### [Problem statement]
Pictures aside, return every line below exactly as written.

*** Opening Given data ***

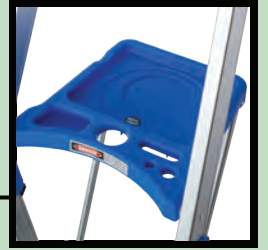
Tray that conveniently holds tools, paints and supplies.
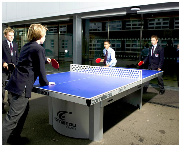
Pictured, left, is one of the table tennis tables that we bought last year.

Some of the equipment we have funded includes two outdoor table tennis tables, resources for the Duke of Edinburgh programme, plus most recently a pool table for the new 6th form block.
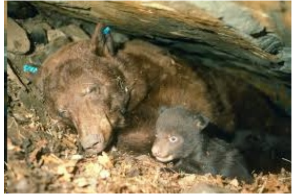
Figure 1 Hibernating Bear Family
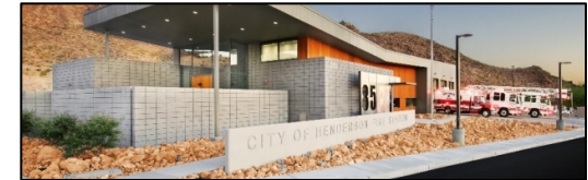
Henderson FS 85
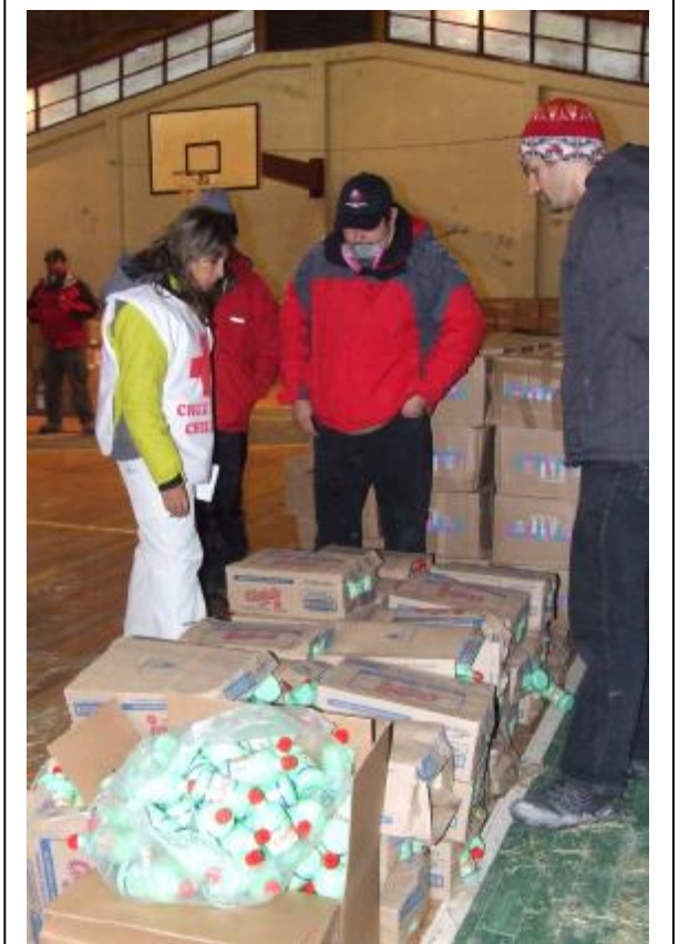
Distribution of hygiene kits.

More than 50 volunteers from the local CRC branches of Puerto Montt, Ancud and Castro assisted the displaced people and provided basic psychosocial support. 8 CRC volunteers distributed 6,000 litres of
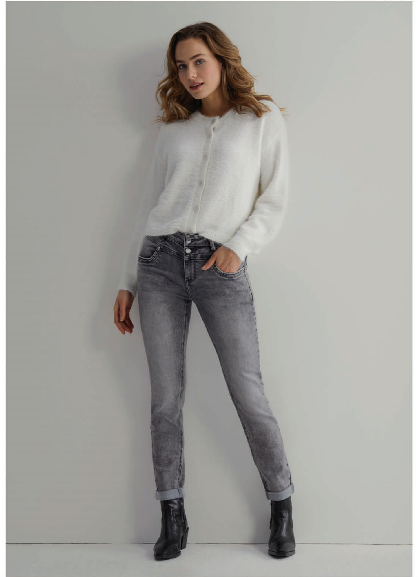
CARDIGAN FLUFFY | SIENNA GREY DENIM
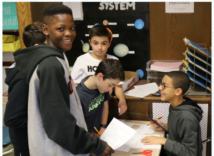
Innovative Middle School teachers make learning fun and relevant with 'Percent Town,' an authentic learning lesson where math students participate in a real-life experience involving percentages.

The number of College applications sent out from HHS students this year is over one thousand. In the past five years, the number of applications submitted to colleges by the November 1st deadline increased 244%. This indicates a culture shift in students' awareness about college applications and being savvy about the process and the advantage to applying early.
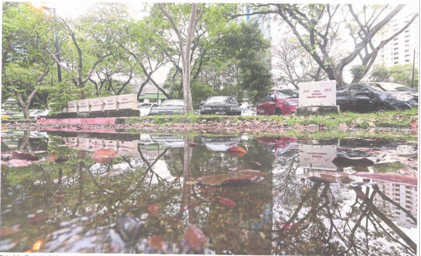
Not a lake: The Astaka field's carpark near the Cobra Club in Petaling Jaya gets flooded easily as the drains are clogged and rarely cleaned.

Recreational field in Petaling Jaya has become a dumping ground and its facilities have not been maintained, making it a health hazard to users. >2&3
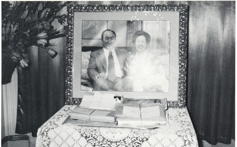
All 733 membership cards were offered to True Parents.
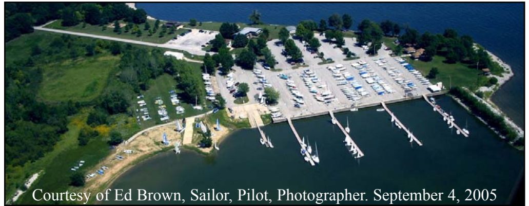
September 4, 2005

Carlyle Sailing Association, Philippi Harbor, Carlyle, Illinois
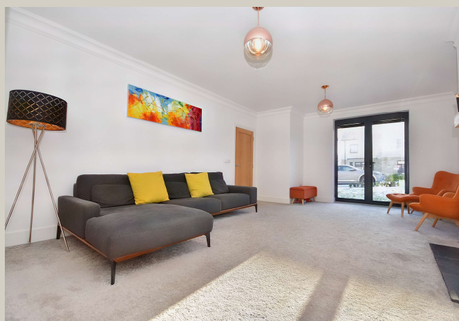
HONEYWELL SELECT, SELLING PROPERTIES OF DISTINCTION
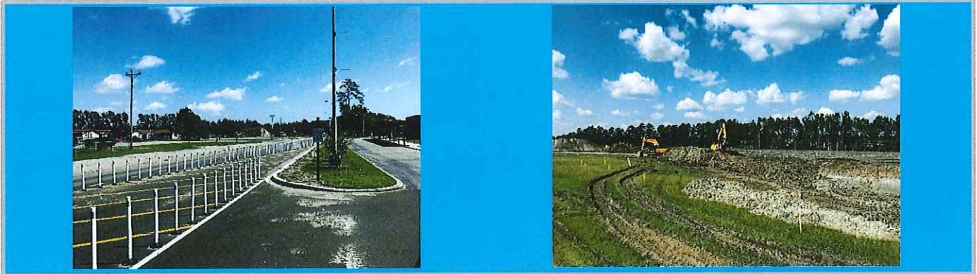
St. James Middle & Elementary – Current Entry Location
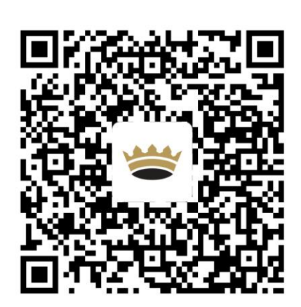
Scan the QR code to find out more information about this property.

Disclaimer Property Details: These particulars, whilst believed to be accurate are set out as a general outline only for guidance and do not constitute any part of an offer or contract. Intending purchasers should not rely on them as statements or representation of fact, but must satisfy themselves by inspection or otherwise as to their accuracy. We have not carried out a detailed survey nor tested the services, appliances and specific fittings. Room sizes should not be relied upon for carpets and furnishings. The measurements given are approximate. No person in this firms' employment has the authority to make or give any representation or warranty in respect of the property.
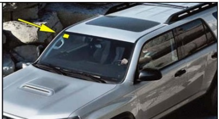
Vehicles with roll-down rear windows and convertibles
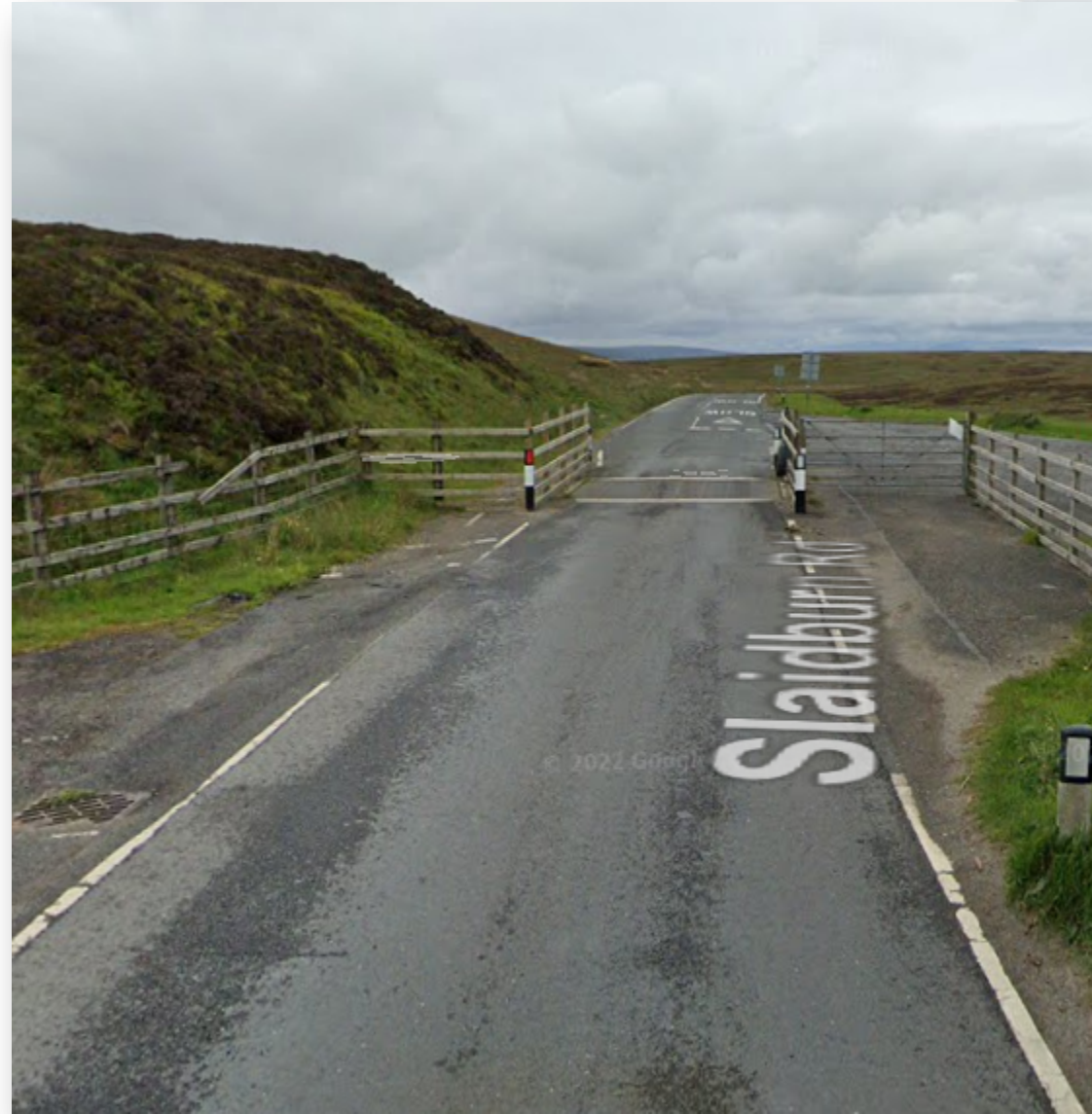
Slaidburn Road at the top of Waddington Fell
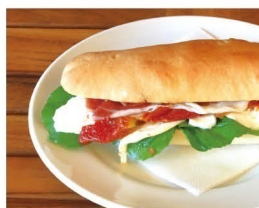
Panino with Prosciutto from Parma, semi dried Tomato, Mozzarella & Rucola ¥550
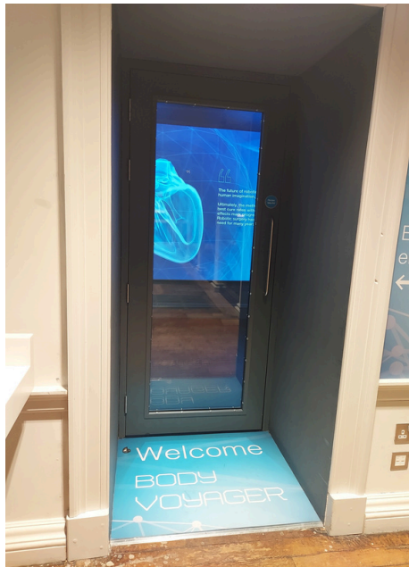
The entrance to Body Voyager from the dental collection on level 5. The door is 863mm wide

*** Closing Given data ***

### [Finished exercise]
Tray that conveniently holds tools, paints and supplies.
Pictured, left, is one of the table tennis tables that we bought last year.

Some of the equipment we have funded includes two outdoor table tennis tables, resources for the Duke of Edinburgh programme, plus most recently a pool table for the new 6th form block.
Figure 1 Hibernating Bear Family
Henderson FS 85
Distribution of hygiene kits.

More than 50 volunteers from the local CRC branches of Puerto Montt, Ancud and Castro assisted the displaced people and provided basic psychosocial support. 8 CRC volunteers distributed 6,000 litres of
CARDIGAN FLUFFY | SIENNA GREY DENIM
Innovative Middle School teachers make learning fun and relevant with 'Percent Town,' an authentic learning lesson where math students participate in a real-life experience involving percentages.

The number of College applications sent out from HHS students this year is over one thousand. In the past five years, the number of applications submitted to colleges by the November 1st deadline increased 244%. This indicates a culture shift in students' awareness about college applications and being savvy about the process and the advantage to applying early.
Not a lake: The Astaka field's carpark near the Cobra Club in Petaling Jaya gets flooded easily as the drains are clogged and rarely cleaned.

Recreational field in Petaling Jaya has become a dumping ground and its facilities have not been maintained, making it a health hazard to users. >2&3
All 733 membership cards were offered to True Parents.
September 4, 2005

Carlyle Sailing Association, Philippi Harbor, Carlyle, Illinois
HONEYWELL SELECT, SELLING PROPERTIES OF DISTINCTION
St. James Middle & Elementary – Current Entry Location
Scan the QR code to find out more information about this property.

Disclaimer Property Details: These particulars, whilst believed to be accurate are set out as a general outline only for guidance and do not constitute any part of an offer or contract. Intending purchasers should not rely on them as statements or representation of fact, but must satisfy themselves by inspection or otherwise as to their accuracy. We have not carried out a detailed survey nor tested the services, appliances and specific fittings. Room sizes should not be relied upon for carpets and furnishings. The measurements given are approximate. No person in this firms' employment has the authority to make or give any representation or warranty in respect of the property.
Vehicles with roll-down rear windows and convertibles
Slaidburn Road at the top of Waddington Fell
Panino with Prosciutto from Parma, semi dried Tomato, Mozzarella & Rucola ¥550
The entrance to Body Voyager from the dental collection on level 5. The door is 863mm wide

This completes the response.